Two weeks ahead of a referendum on whether Britain will remain in the European Union, the deputy chief of the EU’s executive body says the union must recalibrate its mission.
“We need to acknowledge that over many, many years we’ve been over-promising and under delivering,” Frans Timmermans, first vice president of the European Commission, told Christiane Amanpour.
“I believe many people — especially small- and medium-sized enterprises across the European Union — are disenchanted with Europe because we haven’t delivered the goods.”
With or without the United Kingdom, he said, the EU’s governing institutions should try to under promise and over deliver.
European leaders have stayed relatively mum on Britain’s June 23 referendum, which — if successful — would irrevocably change the EU.
Polls are incredibly tight. If UK citizens voted to leave, British leaders would have two contentious years to negotiate the terms of divorce.
“I think we’ve been doing, for many, many years, a lot of legislation that was nice to have without proving that we really needed to have it,” Timmermans said.
“We’re concentrating on the main issues now — migration, refugees, security, creating an internal market that works, the digital single market, creating an energy union.”
To that end, the European Commission has released a plan it hopes will turn into a comprehensive way to tackle the overwhelming influx of refugees and economic migrants to its southern member states.
A large component of the plan is a deal, struck with Turkey, to stem the flow of people across the Aegean Sea to Greece.
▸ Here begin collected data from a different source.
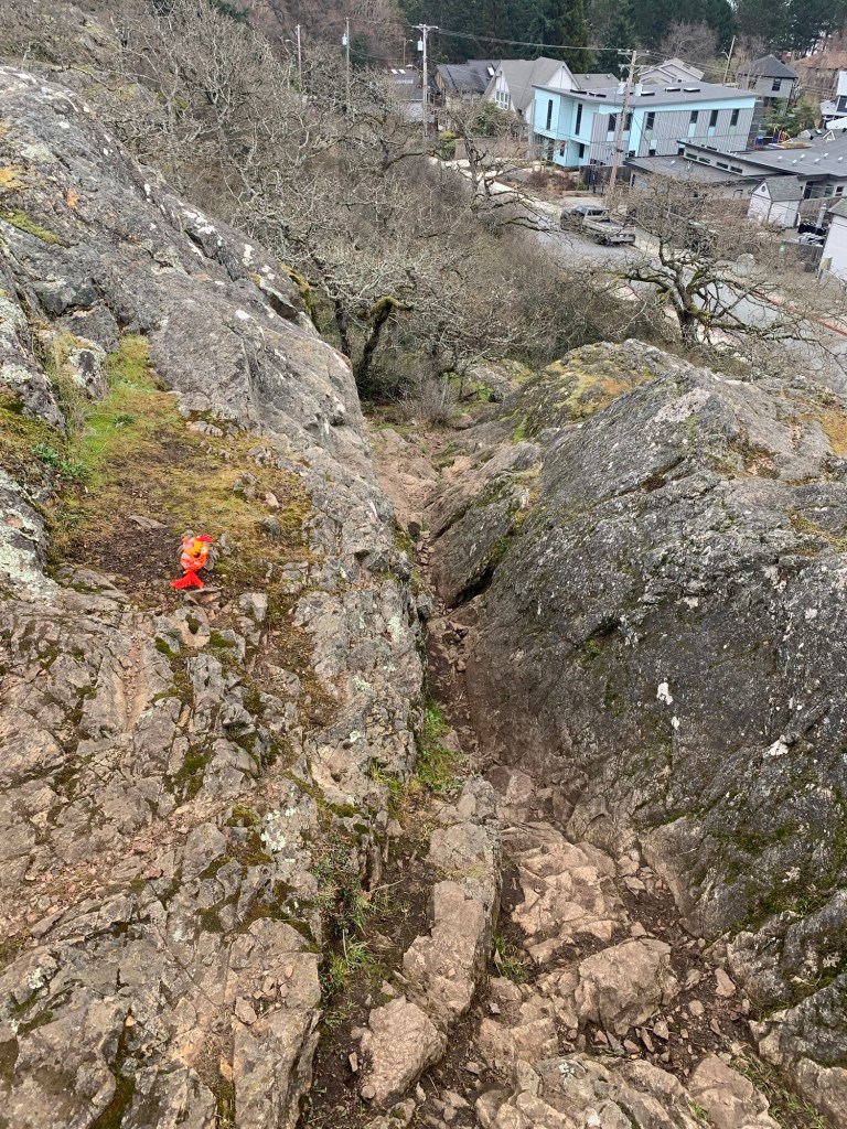 Well, except for a cave. According to the internet, and we know how reliable that can be, it is a mouth to an old mine… I know that children like climbing into that little space… I wonder how safe it is?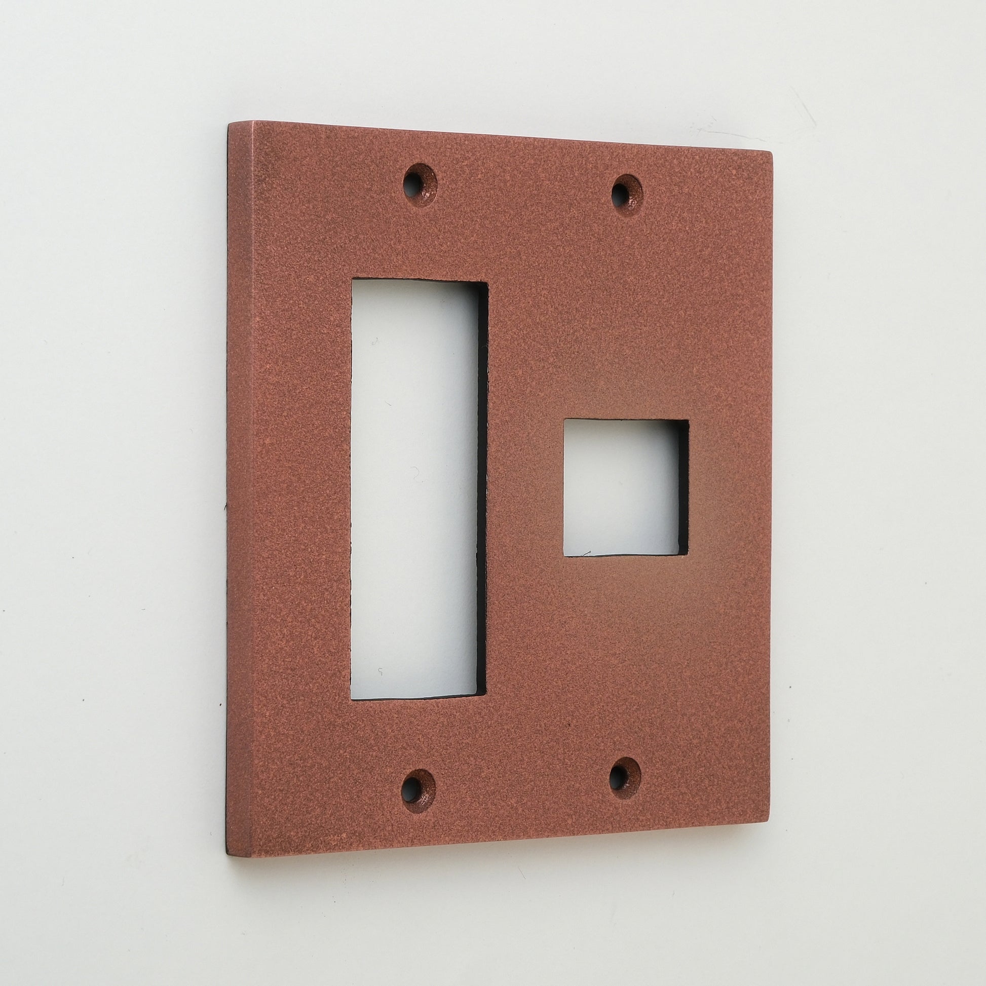 特殊な表面加工技術を使用してアルミダイカスト製のスイッチプレートを真鍮・銅・丹銅・鉄・錫・亜鉛の鋳肌風に仕上げました。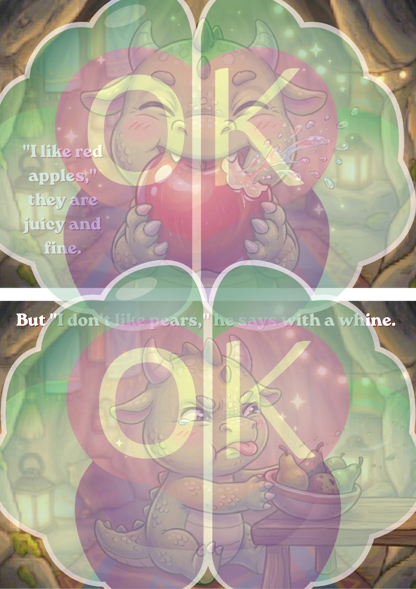 Owocowy wierszyk: Rytmiczny tekst o smoku, który zajada się jabłkami.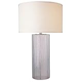 I purchased this lamp not fully realizing that it is a large table lamp. But that just adds to the extremely solid appearance. The base of the lamp is reeded, a heavy texture, almost simulating water. It is open on the bottom, but you wouldn't know that. It theoretically would allow you to put something in there, but it's so elegant on its own, why do that? The name of it says "Clear Blue" which was one of my primary motivators -as I have blue touches throughout my living room. I see no hint of blue, but it is a clear, thick, textured glass. One of the most amazing purchases I've made and I highly recommend. It required the most minor of assembly, and parts were clearly labeled and an instruction sheet filled in the gaps. Took me longer to get rid of the packing material than it did to assemble and place this beautiful light.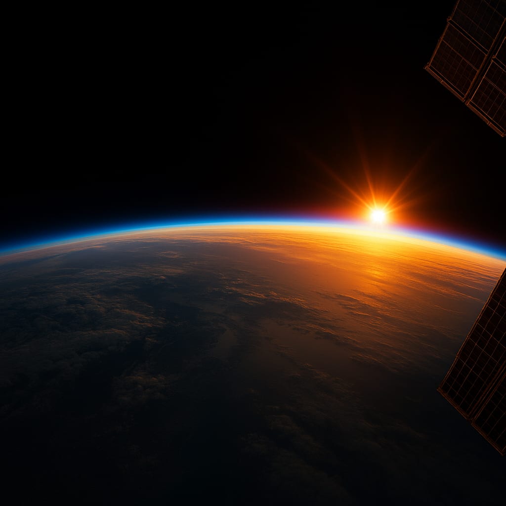 Imagine floating weightless, looking out a small window as the Sun explodes over the horizon sixteen times a day. Below you, thunderclouds flash like camera bulbs, and the aurora shimmers green and violet across the poles. The vastness of space outside the window makes you feel tiny — and yet, profoundly connected to everything below.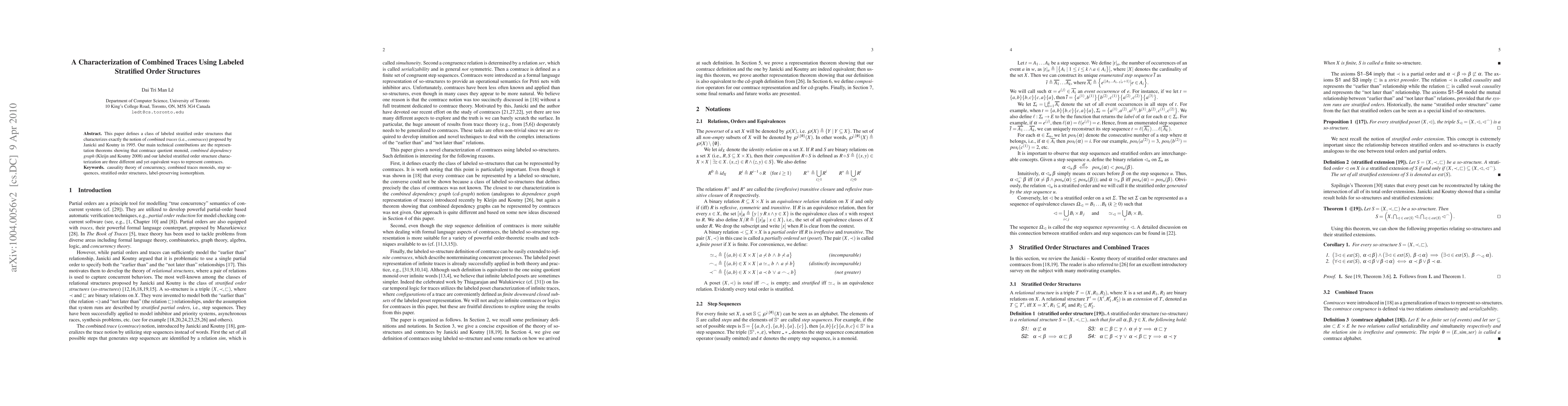 Researchers have discovered three equivalent ways to represent combined traces (comtraces) using labeled stratified order structures: comtrace quotient monoid, combined dependency graph, and the proposed structure characterization.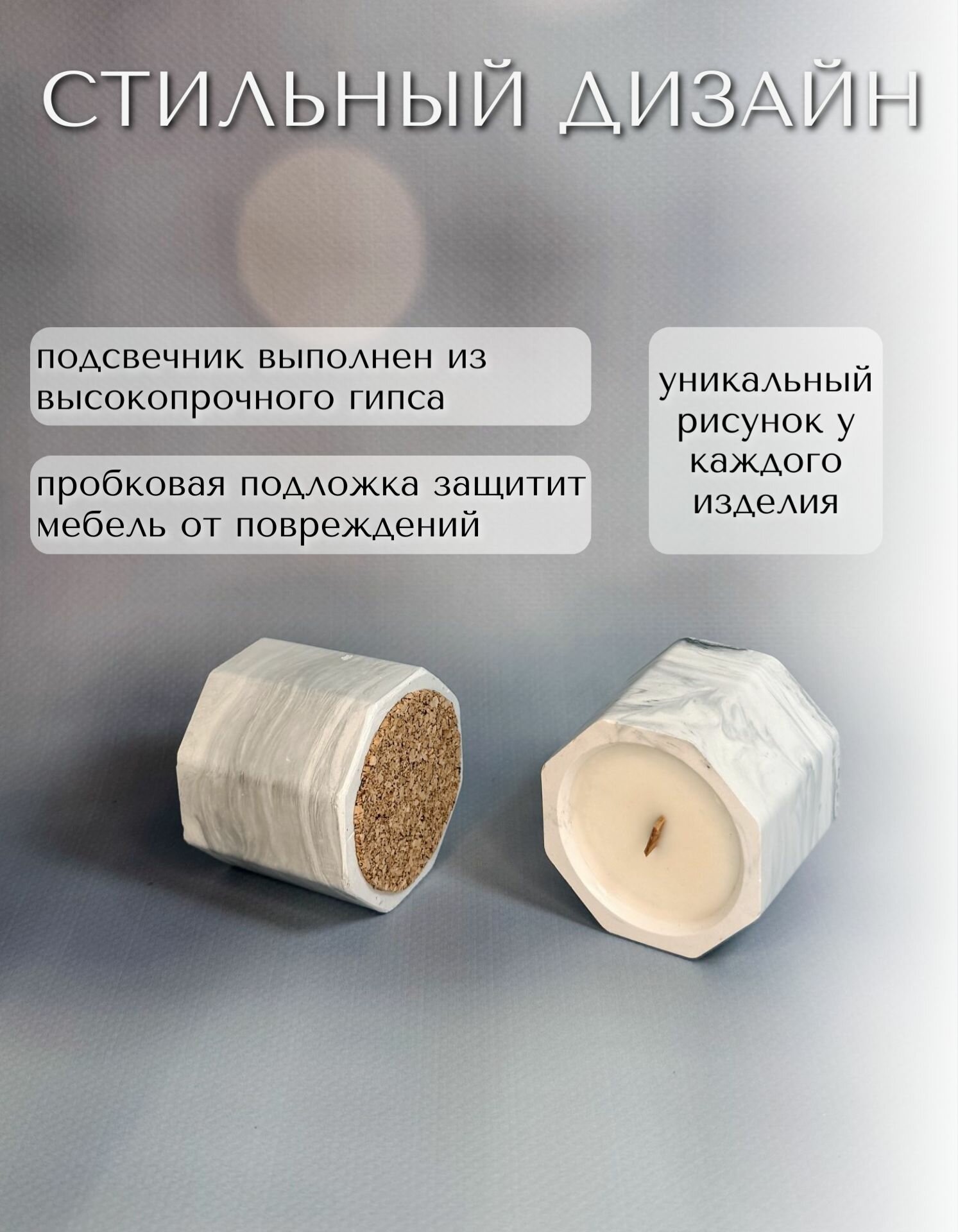 Аромасвеча ручной работы в гипсовом подсвечнике, "Грейфрут", 45 мл.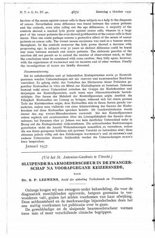 Dit artikel is alleen beschikbaar als PDF.Lees de PDF Artikelinformatie Online verschenen op 30 september 1937 Citeer dit artikel als Ned Tijdschr Geneeskd. 1937;81:4672-7 Heb je nog vragen na het lezen van dit artikel? Check onze AI-tool en verbaas je over de antwoorden. ASK NTVG Ook interessant Casuïstiek Baarmoederscheuring Nieuws Baarmoederverscheuring na cervicale keizersnede Nieuws Baarmoederscheur tengevolge van pituitrine-toediening Meer gerelateerd … Reacties Login om een reactie te plaatsen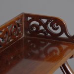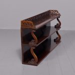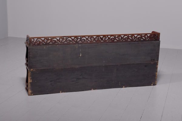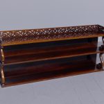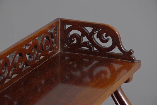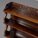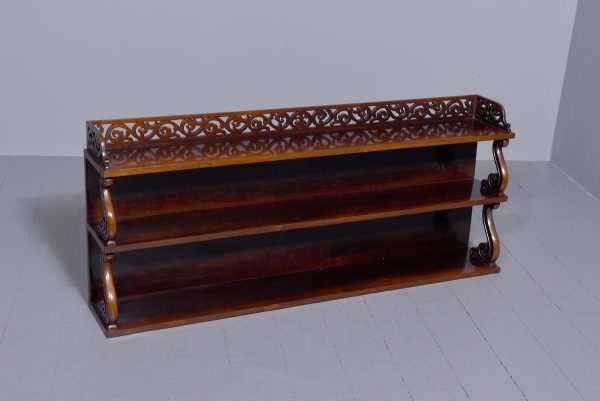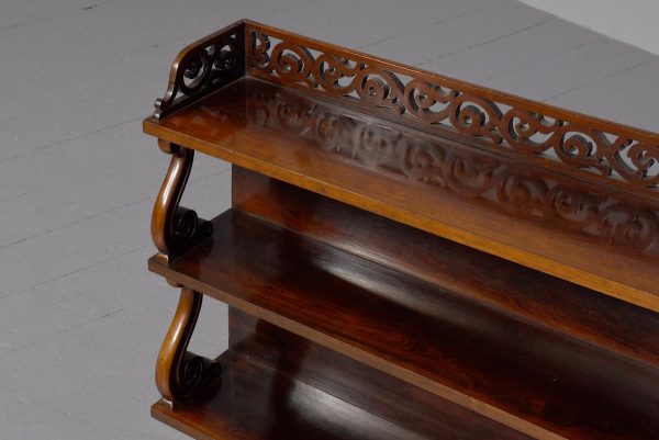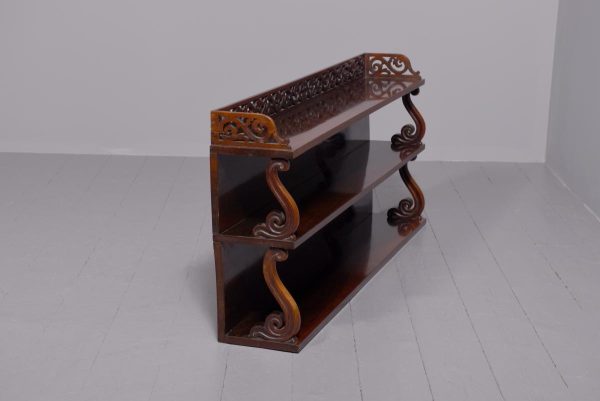 Circa 1840. An unusual and stylish set of rosewood shelves, the top with a 3/4 pierced gallery, with three shelves each supported on scrolling uprights all with a polished back, the shelves taper in-depth from top to bottom.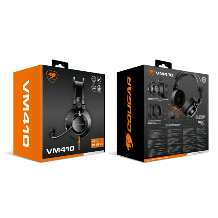 - The COUGAR VM410 headset is architected with a layered system of components to create the ideal sounds for gaming. It transmits entirely without any distortion in an incredibly small space to bring you the best of the best.

That deal trades the burden of sharing refugees with Turkey for an acceleration of a program that would grant visa-free travel to Europe for Turks — something the Turkish government has long sought.
The agreement has come under severe criticism from people who accuse European leaders of being blackmailed by the government in Ankara that appears increasingly authoritarian, especially in its treatment of dissidents and the media.
Timmermans challenged critics “to give me a better idea.”
“Simply standing back to back, not talking to each other, just blaming each other — what did that do for human rights in Turkey? What did that do for the freedom of the press in Turkey? Nothing whatsoever,” he said.
“Had we not entered into an agreement with Turkey, and with the Balkan borders being closed, we would have condemned Greece to become one huge refugee center for hundreds of thousands of people crossing the Aegean Sea — many of whom would die crossing the sea, other who would live in terrible conditions in Greece.
“Isolating Turkey is not the right answer.”